Et ainsi nous ne souffrirons pas de ne pas avoir cette chose complètement inaccessible (la
santé).
Il s’agit de changer nos désirs plutôt que « l’ordre du monde » . Mais cela ne signifie pas pour
autant une acceptation passive de notre sort. La seule chose qui doit être acceptée, c’est la
nécessité, ce que nous ne pouvons pas changer.

2. Se satisfaire de son action : que notre vertu fasse notre bonheur !


On peut aller un peu plus loin. Si nous parvenons à limiter nos désirs, en plus du bonheur de les
voir toujours satisfaits, nous aurons le plaisir d’avoir su maîtriser ce qui dépend de nous (nos
désirs) et d’avoir su mépriser ce qui ne dépend pas de nous (les coups du destin). C’est-à-dire
que le sage se réjouira de sa force d’âme :
Ainsi, ressentant de la douleur en leurs corps, [les grandes âmes] s’exercent à la supporter
patiemment, et cette épreuve qu’elles font de leur force, leur est agréable ; ainsi, voyant leurs
amis en quelque grande affliction, elles compatissent à leur mal, et font tout leur possible pour
les en délivrer, et ne craignent pas même de s’exposer à la mort pour ce sujet, s’il en est besoin.
Mais, cependant, le témoignage que leur donne leur conscience, de ce qu’elles s’acquittent en
cela de leur devoir, et font une action louable et vertueuse, les rend plus heureuses, que toute
la tristesse, que leur donne la compassion, ne les afflige.
Descartes, Lettre à Elisabeth, 18 mai 1645

3. Être conscient des maux qui nous guettent


De manière plus générale, nous devons être conscients de nous-mêmes, de nos désirs et des
contraintes qui pèsent sur eux. Il faut bien voir ce qu’implique un désir, quels sont les moyens à
mettre en œuvre pour le réaliser. Représente-toi les conséquences de ton projet, dit Epictète.
Par exemple, si tu veux aller à la piscine, rappelle-toi qu’à la piscine il y a du bruit, qu’on se fait
éclabousser et bousculer, etc. (Epictète, Manuel, I, 4 ; IV ; XXIX, 1 et 2)
Il faut aussi être conscient de ce qu’est l’objet de notre désir ou de notre amour : Sois conscient
de ce qu’est l’objet que tu aimes, ainsi tu ne seras pas troublé.

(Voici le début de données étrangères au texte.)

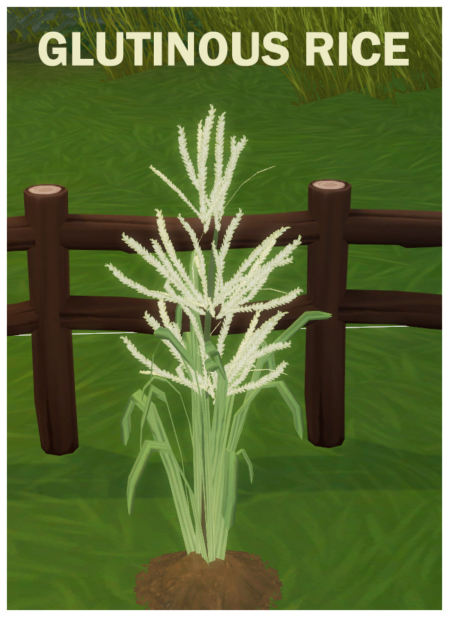 Adds harvestable glutinous rice and plant to the game. Also known as Sticky rice, Bora Saul, Mochigome.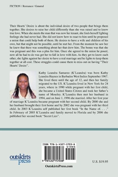 Their Hearts' Desire is about the individual desire of two people that brings them together. She desires to raise her child differently than she was raised and to know true love. When she meets the man that was now her tenant, she finds herself fighting feelings she had never had. She did not know how to react to him until he proposed a union that could help both of them. He desires to have a wife and children of his own, but that might not be possible, until he met her. From the moment he saw her he knew that there was something about her that drew him. The bonus was that she was pregnant and this was a plus for him. Once she agreed to the union he posed, now all he had to do was get her to fall in love with him. As they get to know each other, she fights against her desire to have a real marriage and he fights to keep them together at all cost. These struggles could cause them to miss out on having "Their Hearts' Desire".
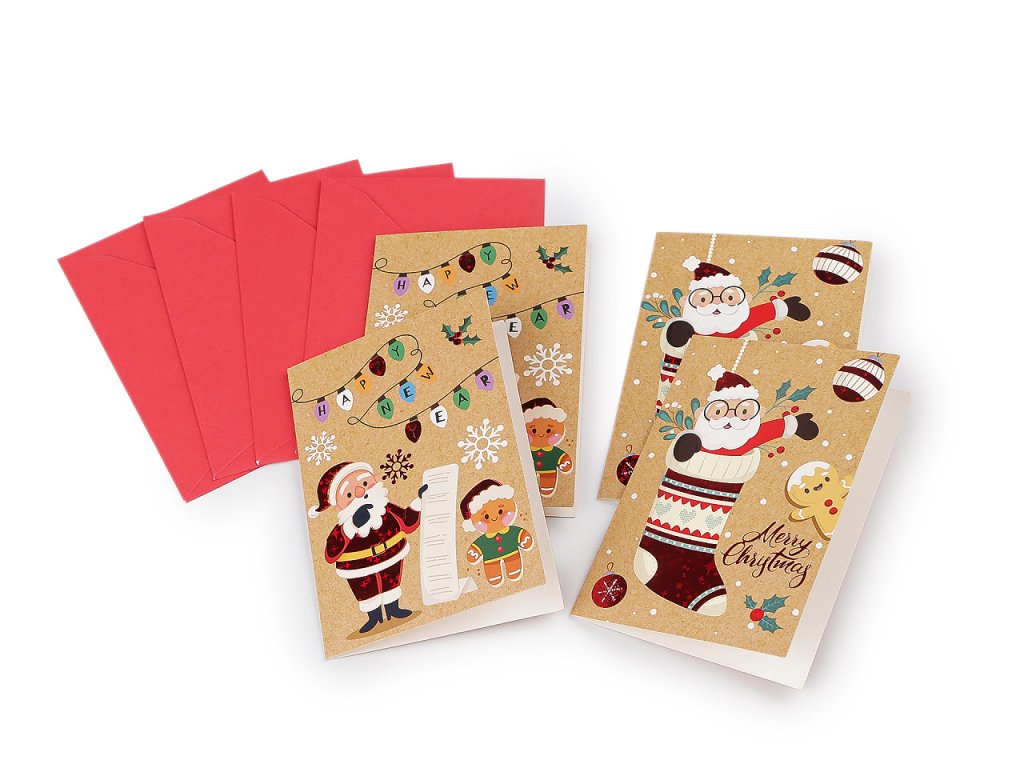 Set mini vánočních přání s obálkami je ideální volbou pro ty, kteří chtějí obdarovat své blízké osobním vzkazem. Design přání je veselý, s tradičními vánočními motivy. Potisk je v detailech doplněný metalickou fólií, ve které se pod určitým úhlem třpytí hvězdičky. Přání je rozevírací, uvnitř bez textu. Dárek doplněný tímto přáním bude působit luxusně, je ideální pro osobní vzkazy plné lásky a přání do nového roku. Navíc díky jejich kompaktní velikosti jsou snadno přenosná a vejdou se do každé kabelky či tašky.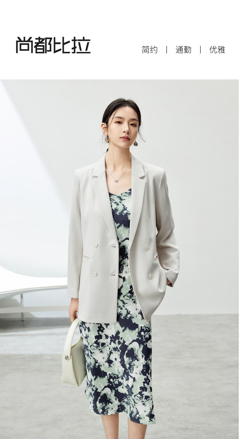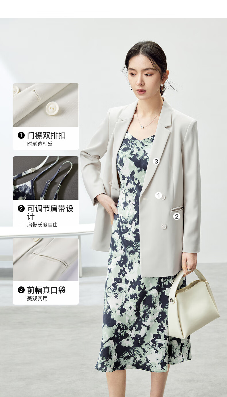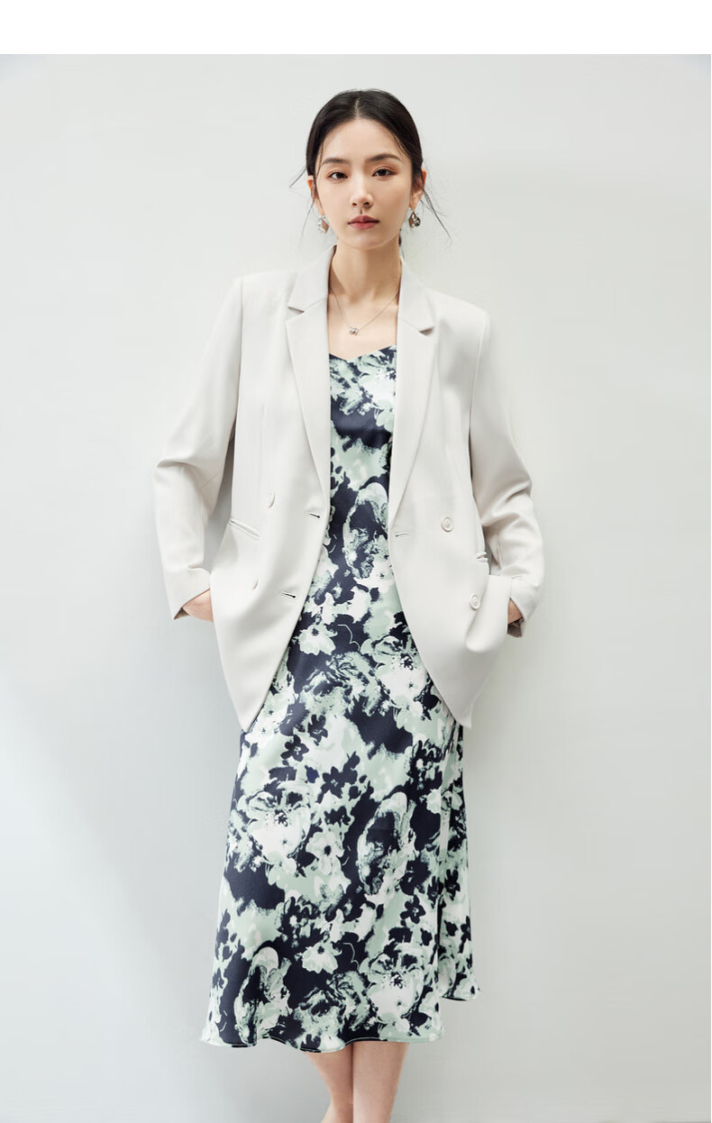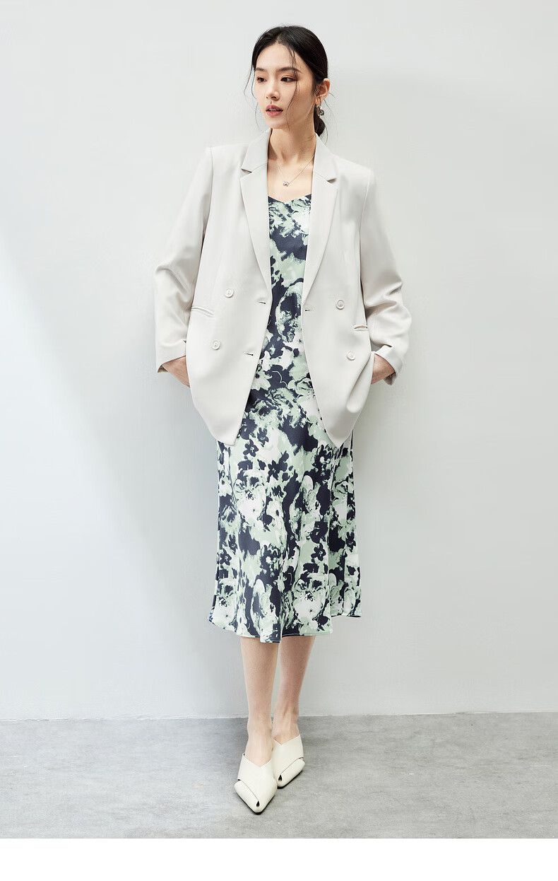 Chandubila fashionable and elegant double-breasted blazer romantic printed suspender dress suit apricot with gray blue XL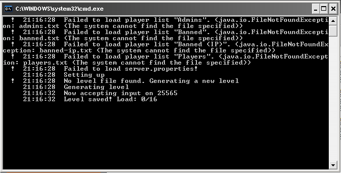 Примерный вид окна, появляющегося при первом запуске start server.bat.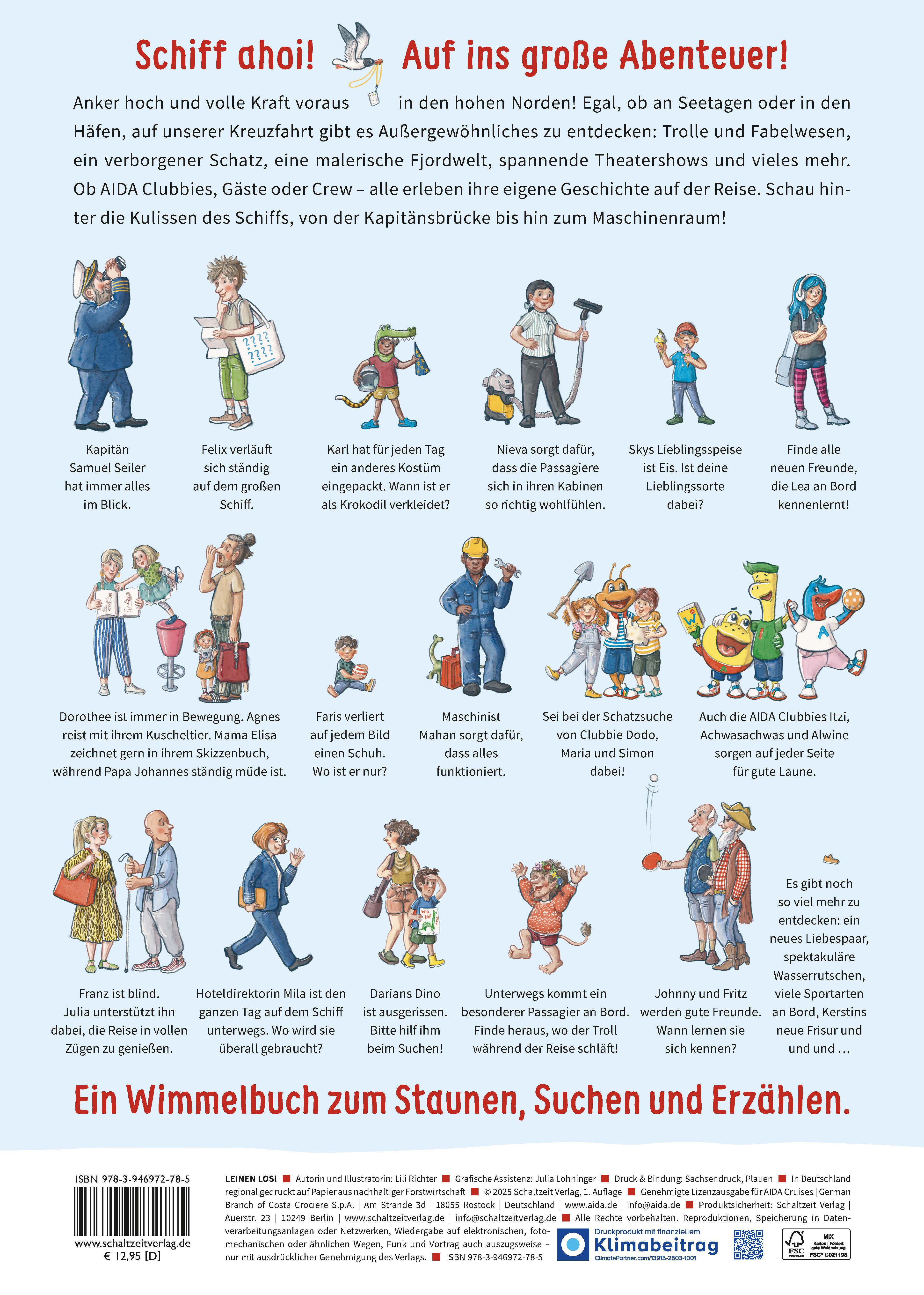 Anker hoch und volle Kraft voraus! Egal, ob an Seetagen oder in den Häfen - auf einer Kreuzfahrt in den hohen Norden gibt es viel zu erleben: ein quirliges Treiben auf dem Sonnendeck, beste Unterhaltung und spannende Theatershows, einladende Buffets, spektakuläre Wasserrutschen bis hin zu den Geheimnissen des Schiffsbauchs und der Kapitänsbrücke. Natürlich dürfen auch Ausflüge in Städte oder Fjordlandschaften sowie überraschende Begegnungen mit Fabelwesen nicht fehlen. Dieses farbenfrohe und liebevoll illustrierte Buch lädt zum Staunen, Suchen und Erzählen ein. Ob Gäste oder Crew - alle an Bord haben ihre eigene Geschichte. Auf jeder Seite warten versteckte Details und lustige Szenen darauf, von neugierigen Kinderaugen entdeckt zu werden.

Si tu aimes une marmite, dis-toi :
C’est une marmite que j’aime. Ainsi, le jour où elle casse, tu ne seras pas troublé. De même,
quand tu embrasses un être humain, dis-toi : C’est un être humain que j’embrasse. (Epictète,
Manuel, III)
Il faut donc, pour Epictète, être conscient des malheurs et de la mort, pour ne pas en être
troublé le jour où ils arrivent : « Que la mort soit devant tes yeux chaque jour. » (Epictète,
Manuel, XXI)
Une précision importante tout de même : il n’est utile de penser au malheur qui nous guette
uniquement si cela nous permet de l’éviter. C’est l’idée de Spinoza, dont on se souvient qu’il
insistait sur la nécessitait de vivre autant que possible dans la joie plutôt que dans la tristesse :
[O]n doit souvent énumérer et imaginer les périls communs de l’existence, et songer à la façon
de les éviter et de les surmonter le mieux possible par la présence d’esprit et par la force d’âme.
Mais il convient de noter qu’en ordonnant nos pensées et nos images nous devons toujours
prêter attention (…) à ce qu’il y a de bon en chaque chose afin qu’ainsi nous soyons toujours
déterminés à agir par un affect de Joie.
Spinoza, Ethique, V, prop. 10, scolie
D’ailleurs chez Spinoza l’acceptation du destin prend la forme de l’amour de Dieu, c’est-à-dire
de la Nature (l’Univers, le Tout : Spinoza est panthéiste : pour lui, Dieu ne désigne rien d’autre
que la totalité de la nature). Accepter le destin cela signifie, pour Spinoza, prendre conscience
du fait que nous ne sommes qu’une partie du Tout éternel et indestructible. Aimer le Tout, c’est
donc nous aimer nous-mêmes et nous concevoir « sous l’espèce de l’éternité ».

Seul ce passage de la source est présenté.